The Soviets abruptly dropped two big disarmament blockbusters this past week. One was Mikhail Gorbachev's announcement at the United Nations that the Soviet Union is reducing its forces in East Europe. The other was ending most jamming of two Western propaganda stations, Radio Free Europe and Radio Liberty.
The end of jamming in all but Czechoslovakia and Bulgaria came as an unexpected bold stroke. The Soviets have never taken kindly to Radio Free Europe and Radio Liberty, although they ended jamming of the Voice of America last year.The action could lower the pitch of the war of words that has poisoned the air between East and West since the end of World War II - if we reciprocate by de-escalating the tone of our broadcasts.
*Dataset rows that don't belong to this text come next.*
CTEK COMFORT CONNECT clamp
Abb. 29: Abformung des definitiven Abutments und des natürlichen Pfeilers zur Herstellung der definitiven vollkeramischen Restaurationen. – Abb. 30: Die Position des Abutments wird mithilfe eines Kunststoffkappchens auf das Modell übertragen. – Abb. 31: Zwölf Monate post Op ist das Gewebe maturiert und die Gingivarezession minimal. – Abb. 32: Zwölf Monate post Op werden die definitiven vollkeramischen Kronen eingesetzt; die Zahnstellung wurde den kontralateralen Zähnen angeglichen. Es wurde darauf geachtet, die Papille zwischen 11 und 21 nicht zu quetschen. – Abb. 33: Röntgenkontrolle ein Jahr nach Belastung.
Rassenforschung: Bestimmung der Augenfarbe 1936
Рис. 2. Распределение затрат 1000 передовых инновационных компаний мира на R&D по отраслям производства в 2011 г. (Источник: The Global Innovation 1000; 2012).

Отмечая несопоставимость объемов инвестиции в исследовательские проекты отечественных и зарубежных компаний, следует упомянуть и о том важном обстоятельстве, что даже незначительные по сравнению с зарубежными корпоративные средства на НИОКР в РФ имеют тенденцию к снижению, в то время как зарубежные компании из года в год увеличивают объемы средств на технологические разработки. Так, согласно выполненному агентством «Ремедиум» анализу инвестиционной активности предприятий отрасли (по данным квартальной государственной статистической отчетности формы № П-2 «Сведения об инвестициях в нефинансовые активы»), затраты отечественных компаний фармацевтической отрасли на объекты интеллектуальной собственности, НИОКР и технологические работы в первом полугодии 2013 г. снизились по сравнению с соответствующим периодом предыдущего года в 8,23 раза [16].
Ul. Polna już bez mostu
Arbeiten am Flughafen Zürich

Commentary on our official broadcasts through Voice of America, including a new offshoot aimed at irritating Cuba, Radio Marti, has grown more aggressive in the Reagan years. So have Radio Free Europe and Radio Liberty, although technically they are not tied to official American policy.
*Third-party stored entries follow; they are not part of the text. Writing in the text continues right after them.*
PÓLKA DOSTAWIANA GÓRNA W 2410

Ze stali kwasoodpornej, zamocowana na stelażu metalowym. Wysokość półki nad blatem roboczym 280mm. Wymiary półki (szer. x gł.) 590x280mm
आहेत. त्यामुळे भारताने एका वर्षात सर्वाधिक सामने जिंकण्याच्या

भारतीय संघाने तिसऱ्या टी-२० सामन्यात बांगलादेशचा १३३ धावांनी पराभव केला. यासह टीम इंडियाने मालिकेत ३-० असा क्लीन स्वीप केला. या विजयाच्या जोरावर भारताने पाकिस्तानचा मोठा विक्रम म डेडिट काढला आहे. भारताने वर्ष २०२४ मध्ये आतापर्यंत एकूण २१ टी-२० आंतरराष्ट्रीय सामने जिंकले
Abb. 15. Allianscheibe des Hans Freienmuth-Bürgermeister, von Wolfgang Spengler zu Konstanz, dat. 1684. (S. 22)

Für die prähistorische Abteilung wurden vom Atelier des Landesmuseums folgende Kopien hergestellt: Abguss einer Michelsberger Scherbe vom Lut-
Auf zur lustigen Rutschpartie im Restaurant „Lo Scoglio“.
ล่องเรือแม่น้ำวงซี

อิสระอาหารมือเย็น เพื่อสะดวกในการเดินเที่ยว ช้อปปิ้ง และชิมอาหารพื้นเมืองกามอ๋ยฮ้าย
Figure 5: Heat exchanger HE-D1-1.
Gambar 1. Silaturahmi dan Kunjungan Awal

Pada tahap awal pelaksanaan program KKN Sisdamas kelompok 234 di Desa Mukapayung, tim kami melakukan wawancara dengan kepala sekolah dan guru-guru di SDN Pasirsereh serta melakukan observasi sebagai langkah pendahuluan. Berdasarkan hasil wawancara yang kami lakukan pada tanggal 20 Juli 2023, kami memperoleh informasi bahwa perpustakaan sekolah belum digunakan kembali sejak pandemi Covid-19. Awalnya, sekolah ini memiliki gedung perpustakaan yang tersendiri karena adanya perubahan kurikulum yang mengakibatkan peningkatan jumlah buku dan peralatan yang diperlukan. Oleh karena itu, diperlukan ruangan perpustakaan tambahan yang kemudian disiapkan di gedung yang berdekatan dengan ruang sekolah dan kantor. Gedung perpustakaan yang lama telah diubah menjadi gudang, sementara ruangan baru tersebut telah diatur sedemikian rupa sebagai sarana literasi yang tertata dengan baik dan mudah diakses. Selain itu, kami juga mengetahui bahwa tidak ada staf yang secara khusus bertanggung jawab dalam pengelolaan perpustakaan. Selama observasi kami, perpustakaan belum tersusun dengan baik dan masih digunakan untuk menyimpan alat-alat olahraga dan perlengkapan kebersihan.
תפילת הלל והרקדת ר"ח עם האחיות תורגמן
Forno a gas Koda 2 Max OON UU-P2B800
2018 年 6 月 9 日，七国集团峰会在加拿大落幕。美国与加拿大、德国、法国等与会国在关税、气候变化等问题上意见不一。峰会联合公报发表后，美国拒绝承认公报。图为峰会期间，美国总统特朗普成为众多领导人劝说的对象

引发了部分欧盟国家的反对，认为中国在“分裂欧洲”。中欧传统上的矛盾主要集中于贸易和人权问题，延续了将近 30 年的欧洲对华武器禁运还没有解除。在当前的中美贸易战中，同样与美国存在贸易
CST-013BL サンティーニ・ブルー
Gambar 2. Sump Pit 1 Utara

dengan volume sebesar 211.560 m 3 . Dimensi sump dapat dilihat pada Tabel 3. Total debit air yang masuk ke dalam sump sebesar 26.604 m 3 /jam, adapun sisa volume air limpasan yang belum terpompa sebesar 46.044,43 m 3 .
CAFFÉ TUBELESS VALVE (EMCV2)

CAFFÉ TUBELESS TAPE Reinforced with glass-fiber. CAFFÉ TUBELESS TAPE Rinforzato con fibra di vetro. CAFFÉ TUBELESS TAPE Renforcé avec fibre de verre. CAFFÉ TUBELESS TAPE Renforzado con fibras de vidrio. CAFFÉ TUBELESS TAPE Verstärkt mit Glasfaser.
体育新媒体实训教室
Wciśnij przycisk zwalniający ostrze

-RADIO FREE EUROPE beams to what we used to call the captive nations of Eastern Europe in 21 languages, essentially as 21 stations, while Radio Liberty aims at the Soviet Union in a dozen languages.
Radio Free Europe and Radio Liberty began as instruments of the Cold War in 1949, a year after the communist coup in Czechoslovakia and a period of anti-Red hysteria in the United States. In that year, all of Eastern Europe could properly be called part of the rigid Soviet hegemony.
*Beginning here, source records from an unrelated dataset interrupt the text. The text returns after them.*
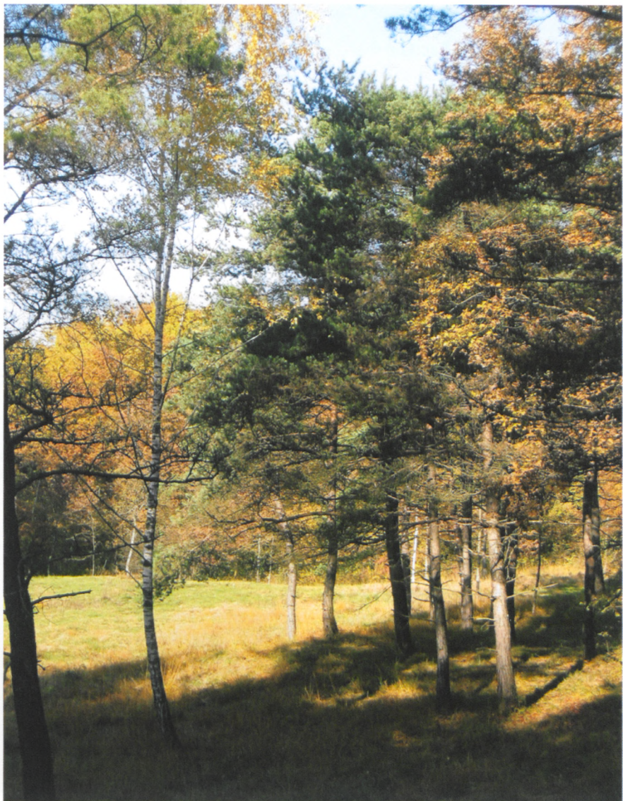
La grande richesse de ce bois, c'est sa prairie.

«La grande richesse de ce bois, c'est sa prairie.» Les deux prés de cette forêt sont riches en brome dressé, une graminée caractéristique des prés secs. Cette particularité a pour corollaire une richesse floristique remarquable. Une dizaine de plantes en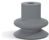
Référence déclinaison : 1 18NR A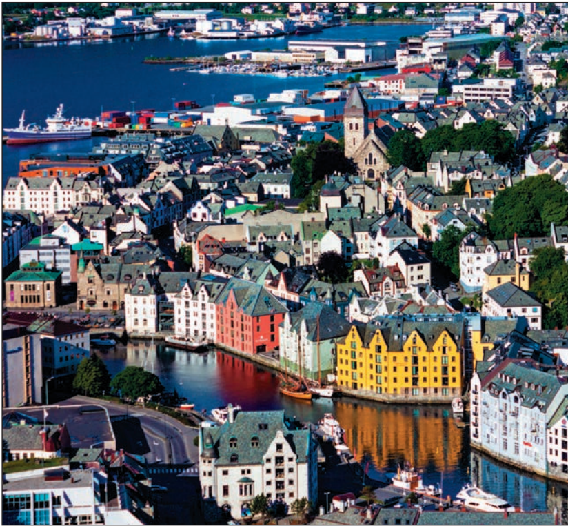
▲ Панорама города Олесунн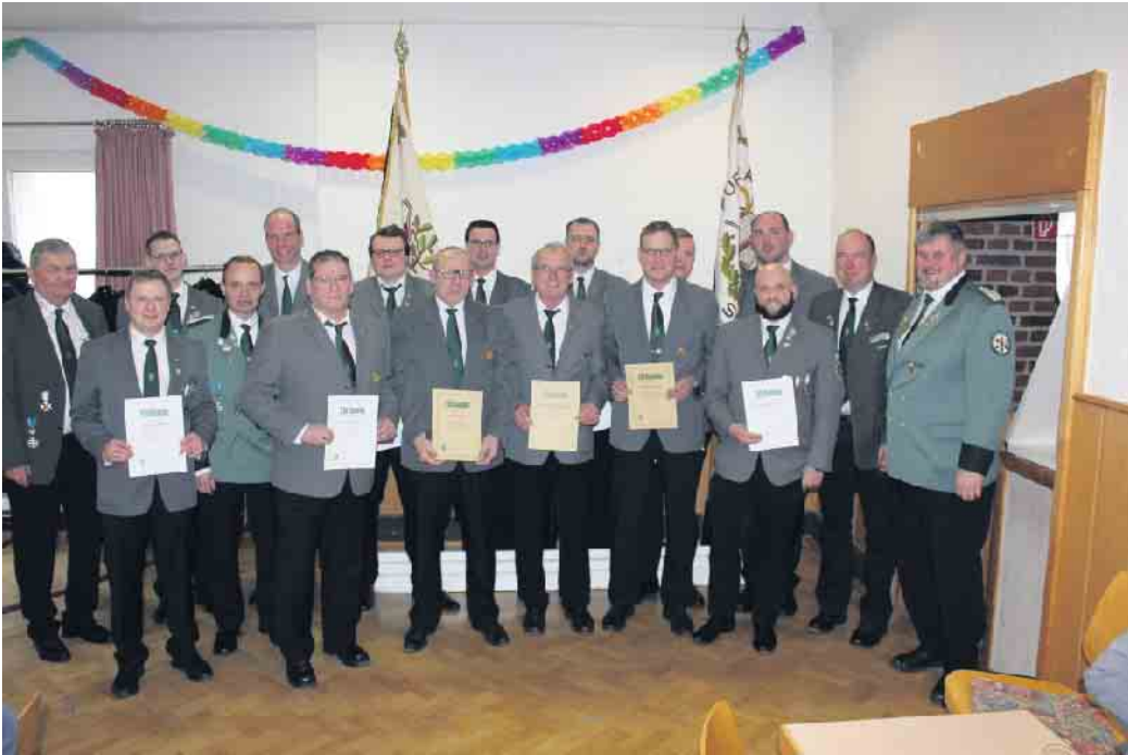
Verdiente Vorstandsmitglieder, die im vergangenen Jahr geehrt wurden.

The two stations were to be surrogate radio, that is, providing the kind of information about the country and the rest of the world those peoples would enjoy if they were free. In the early days, the broadcasts went further, however, urging resistance to communist rule and aiming unabashedly to prepare those people for liberation.
The stations were staffed, then as now, by emigres from Eastern European countries and had headquarters in Munich. But their level of militancy has moved up and down since the 1950s.
In 1956, Radio Free Europe broadcasts suggested to the Hungarians that if they revolted against their Soviet occupiers the West would come to their aid or, as Secretary of State John Foster Dulles put it: "The Hungarian people should not doubt that they have a sincere friend in the United States." The Hungarians had learned of the Polish liberalizations and the Khrushchev de-Stalinization movement through Radio Free Europe. They had set up their own clandestine stations whose signals were picked up and magnified and retransmitted by Radio Free Europe.
When the United States stood by helplessly as the Russian tanks put down the revolution and its leaders were slaughtered, Radio Free Europe lost credibility.
So also did Radio Free Europe/Radio Liberty lose face when in 1967 it was revealed that rather than being funded by public donations, as they publicly advertised, they were covertly supported by the CIA. Congress then ended CIA support and since then has openly funded them through a semi-autonomous public board.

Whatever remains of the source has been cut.